**Goal of the exercise:** Reproduce word for word the line that contains "These little snowmen" and every line after it to the end of the records, with nothing else added.

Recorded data
BEGIN

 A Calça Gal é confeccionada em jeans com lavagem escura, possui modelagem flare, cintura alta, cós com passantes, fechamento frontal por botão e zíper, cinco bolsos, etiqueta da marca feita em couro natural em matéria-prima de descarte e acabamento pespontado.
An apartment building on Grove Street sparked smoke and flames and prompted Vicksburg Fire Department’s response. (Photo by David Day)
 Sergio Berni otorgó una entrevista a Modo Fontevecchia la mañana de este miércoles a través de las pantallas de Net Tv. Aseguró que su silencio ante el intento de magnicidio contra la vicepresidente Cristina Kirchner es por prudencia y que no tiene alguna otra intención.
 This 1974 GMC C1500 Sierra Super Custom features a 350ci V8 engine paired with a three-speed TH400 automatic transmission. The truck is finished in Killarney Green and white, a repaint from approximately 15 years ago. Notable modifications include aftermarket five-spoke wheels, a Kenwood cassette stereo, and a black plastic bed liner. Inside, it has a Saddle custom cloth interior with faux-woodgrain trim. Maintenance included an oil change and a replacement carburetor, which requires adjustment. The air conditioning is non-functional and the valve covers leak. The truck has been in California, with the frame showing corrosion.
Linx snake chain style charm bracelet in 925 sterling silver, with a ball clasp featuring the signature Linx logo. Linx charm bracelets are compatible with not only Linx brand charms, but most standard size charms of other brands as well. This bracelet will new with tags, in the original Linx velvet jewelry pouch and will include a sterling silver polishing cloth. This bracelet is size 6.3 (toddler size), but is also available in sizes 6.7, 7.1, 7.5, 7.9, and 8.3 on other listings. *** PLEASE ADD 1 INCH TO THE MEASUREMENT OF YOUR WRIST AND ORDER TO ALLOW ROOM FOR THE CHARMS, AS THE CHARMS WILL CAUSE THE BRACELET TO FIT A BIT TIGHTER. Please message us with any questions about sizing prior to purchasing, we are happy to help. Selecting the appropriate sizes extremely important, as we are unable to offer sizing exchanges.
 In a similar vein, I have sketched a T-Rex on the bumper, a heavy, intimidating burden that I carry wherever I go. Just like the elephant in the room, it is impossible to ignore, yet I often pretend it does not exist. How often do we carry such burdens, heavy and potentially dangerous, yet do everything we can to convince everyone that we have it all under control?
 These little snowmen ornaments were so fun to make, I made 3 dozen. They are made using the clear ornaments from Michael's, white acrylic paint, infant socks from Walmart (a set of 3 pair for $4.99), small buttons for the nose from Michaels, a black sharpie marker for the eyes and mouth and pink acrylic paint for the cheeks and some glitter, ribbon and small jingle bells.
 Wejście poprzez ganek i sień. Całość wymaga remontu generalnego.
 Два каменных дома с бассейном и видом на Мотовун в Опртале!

END

**Result of this task:**
 These little snowmen ornaments were so fun to make, I made 3 dozen. They are made using the clear ornaments from Michael's, white acrylic paint, infant socks from Walmart (a set of 3 pair for $4.99), small buttons for the nose from Michaels, a black sharpie marker for the eyes and mouth and pink acrylic paint for the cheeks and some glitter, ribbon and small jingle bells.
 Wejście poprzez ganek i sień. Całość wymaga remontu generalnego.
 Два каменных дома с бассейном и видом на Мотовун в Опртале!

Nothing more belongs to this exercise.